Seperti apa sebenarnya peran residensi seni, dan bagaimana dampak sebuah kunjungan sementara terhadap proses kreatif seniman? Karena makin ke sini istilah residensi jadi template untuk sekadar program plesir yang dilakukan pelaku kesenian. Pertanyaan itu cukup cair dibahas dalam diskusi “Mengakhiri Teritori: Reposisi Artistik dalam Demam Geopolitik” pada Hari Bumi, 22 April 2022.
Bertempat di Yayasan Kampung Halaman, forum publik yang menjadi program publik perdana Buku Seni Rupa tersebut berlangsung dengan santai. Menghadirkan Marten Bayuaji dan Wisnu Ajitama sebagai pembicara. Selain telah beberapa kali menjalani residensi lintas dusun hingga benua, secara kekaryaan keduanya juga lekat dengan olah ruang dan isu lingkungan.
“Aku kemarin ke sana (Jerman) mengusung tema soal kapuk. Karena ada korelasinya antara tempat residensi sama karyaku. Aku ngomongin almarhumah Nenekku yang mantan pebisnis kapuk, dan tempat residensiku itu semacam cagar budaya eks pemintalan kapas,” kata Marten bercerita tentang presentasinya ketika di Leipzig, Jerman.
Menurut alumnus Pascasarjana ITB itu, warga di sekitar lokasi residensinya cukup menaruh perhatian dengan karyanya yang berjudul “Snow from Muria”. Karya berupa video instalasi tersebut menampilkan hamparan kapuk Jepara di gudang penjemuran. Helai-helai putih tipis beterbangan laiknya salju yang turun di dataran Eropa. Yang membedakan hanya, sebagaimana kapas, kapuk adalah salju yang menggerakkan roda kapitalisme.
Berbeda dari Marten yang melihat kebudayaan dari kacamata industri. Wisnu lebih menangkap peran seorang seniman di wilayah baru adalah untuk mengkomunikasikan nilai lokal ke wilayah global.
“Saya menganggap lokal adalah investasi global.

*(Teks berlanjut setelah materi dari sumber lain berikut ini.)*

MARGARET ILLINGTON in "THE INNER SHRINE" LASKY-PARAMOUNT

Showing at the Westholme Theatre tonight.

Residensi berguna sebagai manifestasi seniman untuk pengalaman, perjumpaan, kemudian masuk ke wilayah paling penting, yakni seniman sebagai diplomat budaya di lingkungan itu,” ujar Wisnu menyampaikan pendapatnya tentang seniman yang mendapat akses teritori.
Bisa dikatakan pengamatan Wisnu adalah penglihatan seniman yang membawa nilainya sendiri. Seberapapun jauh tubuhnya melintasi perbatasan, tidak peduli di Paris, Korea, Jepang, maupun Belanda, dia adalah manusia dengan arsitektural candi dalam pikirannya. Sosok Wisnu menjelaskan pengalaman subjek sebenarnya tidak pernah lepas dari aspek geografi dan antropologisnya. Bahkan di sanalah terletak daya tawar seniman yang mengakarkan identitas pada tanah tempat ia dilahirkan.

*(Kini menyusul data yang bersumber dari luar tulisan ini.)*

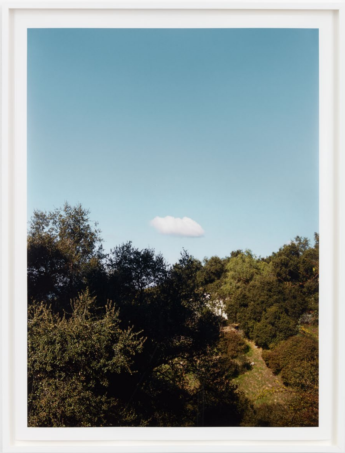
Please don't leave , 2021 Archival pigment print 32 x 24 inches (unframed) 81.3 x 61 cms (unframed) 33 3/4 x 25 3/4 inches (framed) 85.7 x 65.4 cms (framed) Ed. 1 of 3 + 2 AP (MJA21.001)
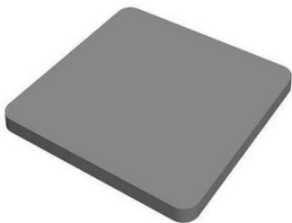
Packing Leveling Shim
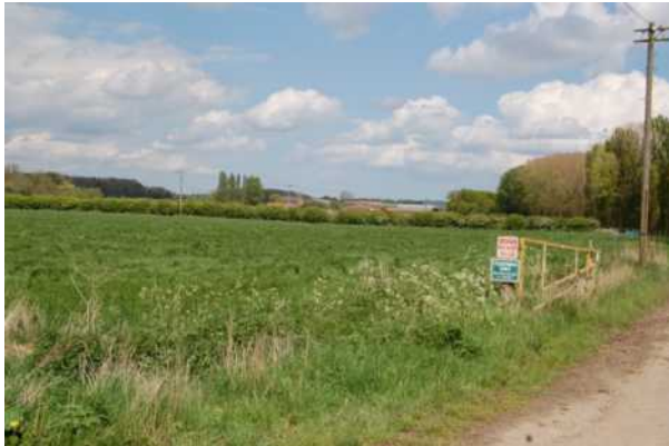
2.21 View from by St Edith's to Grange Farm
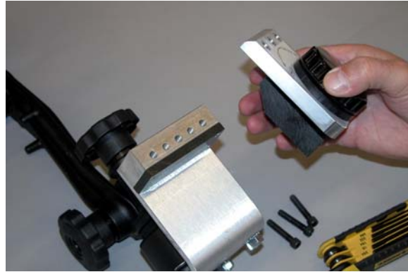
2. Remove front plate of Clamp Assembly
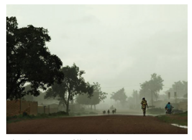
After the storm near Sélingué Lake

Yearly cycles of rainfall combine with annual temperature changes to produce three seasons. The weather is dry and hot from February to June, wet and relatively mild from June to November, and dry and cooler from November to February. These weather patterns produce three climate zones in Mali. The northernmost Saharan zone has almost no annual rainfall, mean daily temperature highs of 48°C (119°F), and lows of 5°C (41°F). In the Sahelian Savanna, the continent-spanning
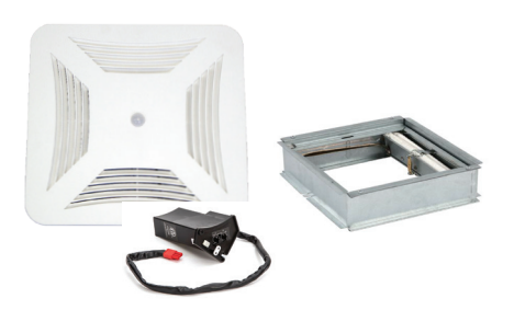
MOTION AND HUMIDITY SENSING GRILLE AND RADIATION DAMPER KIT PCMHKRDP
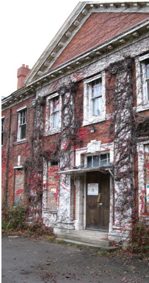
Front elevation, main entrance block

Only the burnt out roof of this building is visible over the roofs of the surrounding buildings, but the building must once have provided an important facility for the patients and its loss is greatly to be regretted.
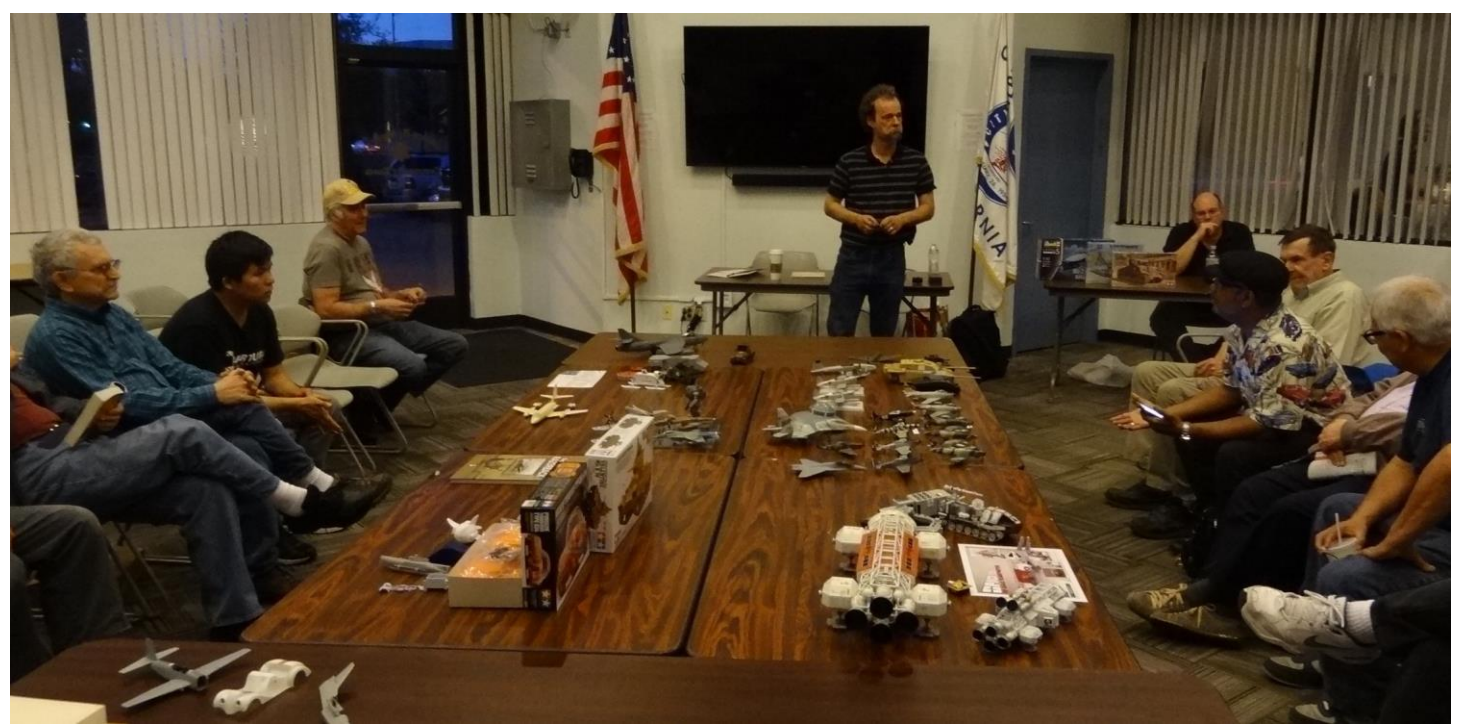
A Club Contest in Form of Election is Made Memorable by Grand Mislead by the Mistakenly Re-elected Editor (from 1)

Yes, first paragraph of course, as anyone who carefully read the April TAMS, is just a bit of belated foolishness.

Tentu saja residensi tidak melulu berisi misi berat kebudayaan. Justru yang paling harus disadari adalah posisi seniman sebagai subjek yang mengalami sesuatu. Bagaimana kemudian pengalaman sehari-hari dapat menanamkan pemahaman baru, hingga berpengaruh terhadap proses kreatif.

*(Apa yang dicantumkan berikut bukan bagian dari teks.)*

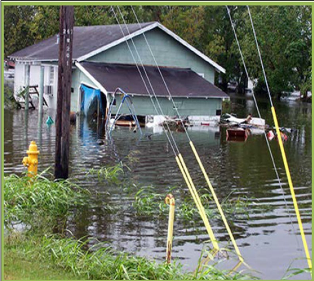
Hurricane Ike flooding in Delcambre, Louisiana.

Appendix A-6 – Fish and Wildlife Coordination Act Compliance
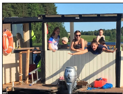
A water tour on Vieremä's famous sauna boat. Combining Finland's vast lakes and river ways with a favorite cultural activity—Sauna!
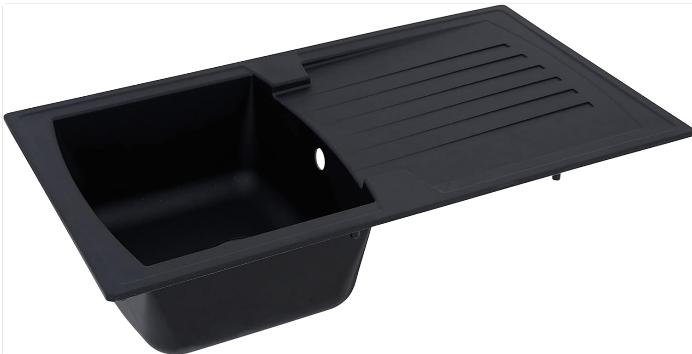
Figure 6.1: Detail of the Mineralite surface texture.
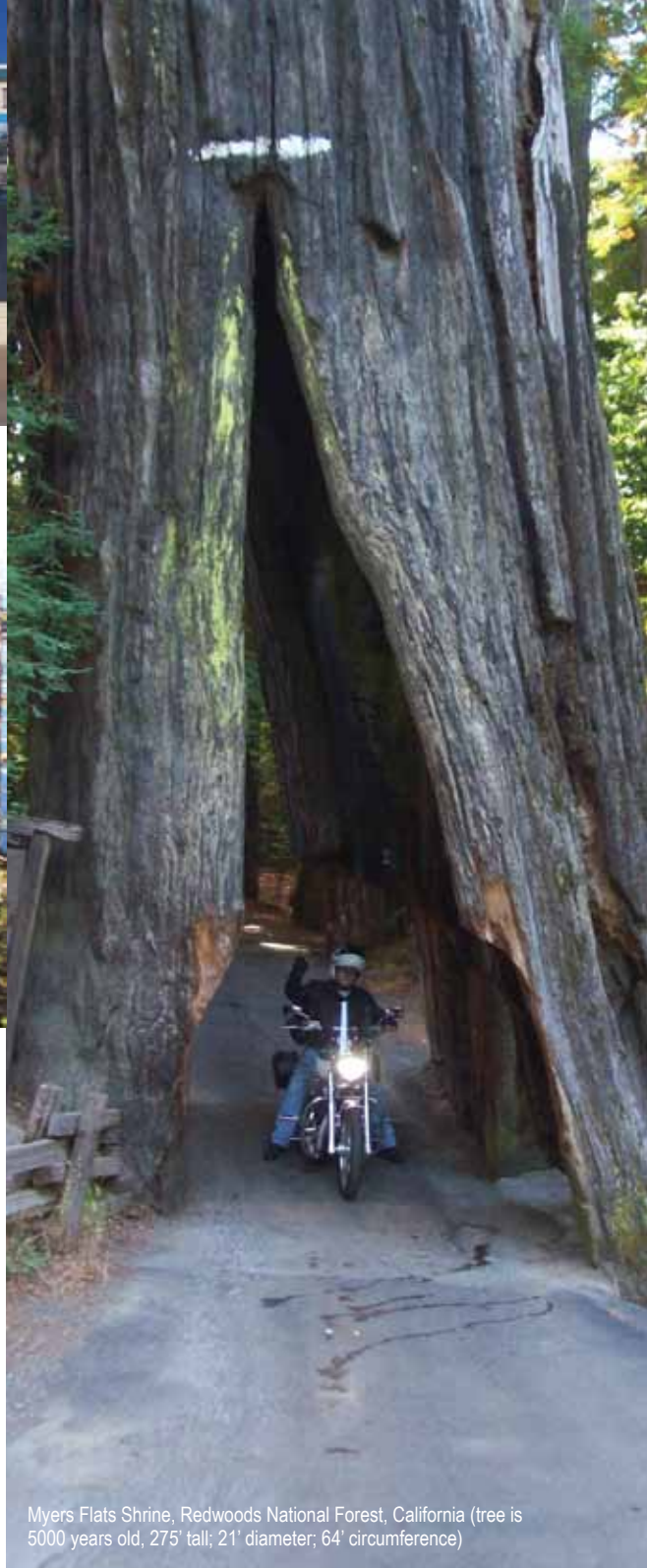
Myers Flats Shrine, Redwoods National Forest, California (tree is 5000 years old, 275' tall; 21' diameter; 64' circumference)
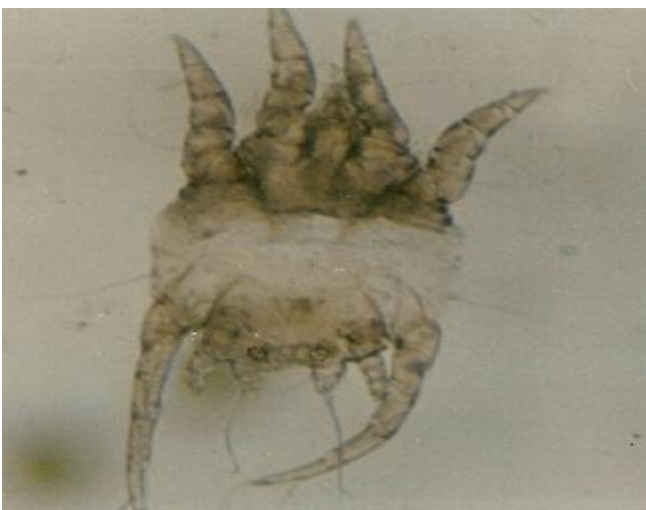
Figure (5) Psoroptes male
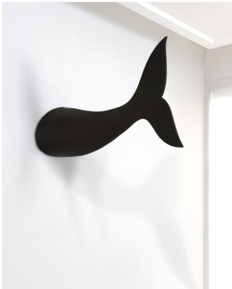
PINO PASCALI (1935-1968)
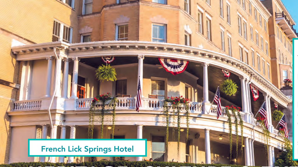
French Lick Springs Hotel

French Lick Resort Two historic hotels make up this grand resort; French Lick Springs Hotel, built in 1901 and West Baden Springs Hotel, built in 1902. Over $600-million has been put into the restoration to bring the properties back to their original grandeur. World-class Spas, Championship level Golf, Shopping & Dining on site. Complimentary shuttle service allows guests to circulate between properties at their leisure.
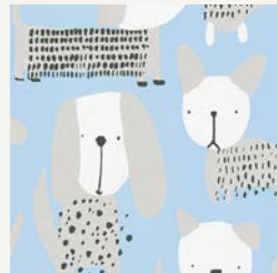
Resene Wallpaper Collection 36755-1
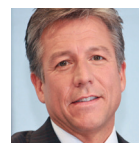
Bill McDermott CEO SAP (TBC)
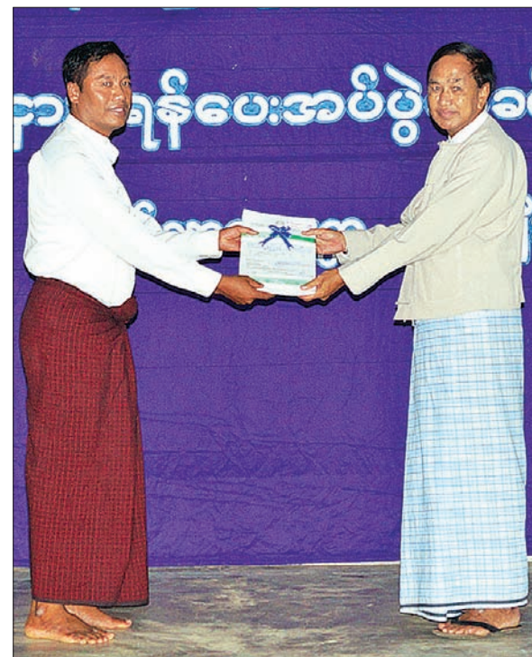
Thirty-eight families in Kyoatpintha Village in Tatkon Township receive land leases from the government.

The traditional boat races were participated by 12 teams. Some decorated boats were also on the show.— (Thiha KoKo-Mandalay)
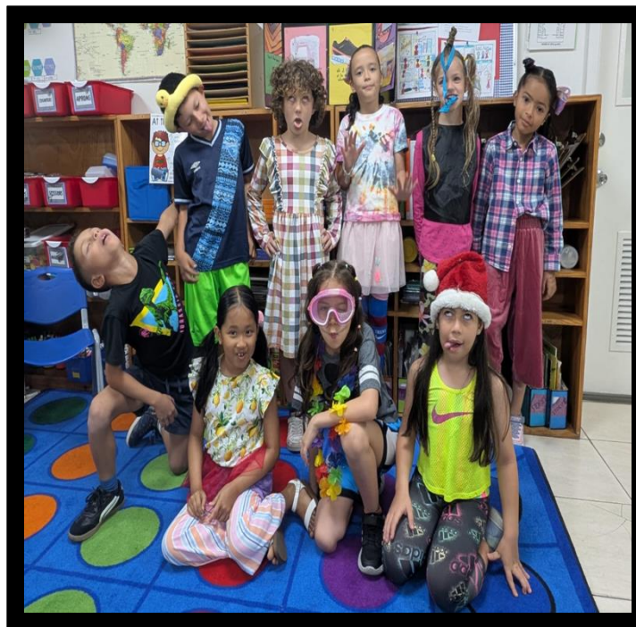
Second Grade students get creative for “Mix and Match” Day!
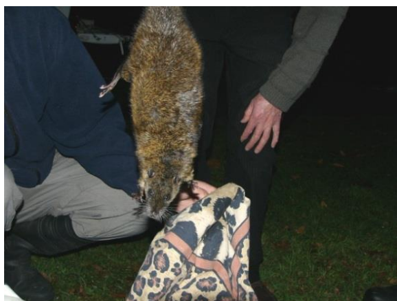
A large female Rakali
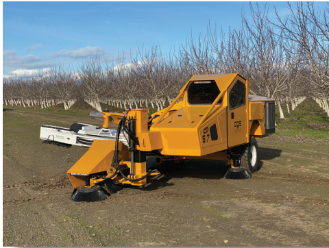
AXIOM hydraulic lift

Pengalaman-pengalaman kecil, memori-memori yang terbangun atas interaksi secara langsung, juga dialami oleh Marten dan Wisnu. Keduanya menemukan ternyata setiap masyarakat memiliki cara pandangnya sendiri mengenai persoalan sehari-hari. Misalnya Marten melihat, bahwa hanya untuk memancing saja, masyarakat di Jerman harus mendapat surat izin yang tesnya serumit membuat SIM.
Pun begitu Wisnu, saat dia terjebak udara dingin dengan heater yang mati. Timnya yang terdiri dari orang-orang Eropa, ragu-ragu untuk menyalakan api. Hanya dia, sebagai orang yang lahir di Kediri, berani mengambil inisiatif sebelum tubuh mereka diserang hipotermia. Secara tidak langsung hal itu menjelaskan konstruksi sikap perorangan, salah satunya ditentukan dari kebudayaan asal seseorang.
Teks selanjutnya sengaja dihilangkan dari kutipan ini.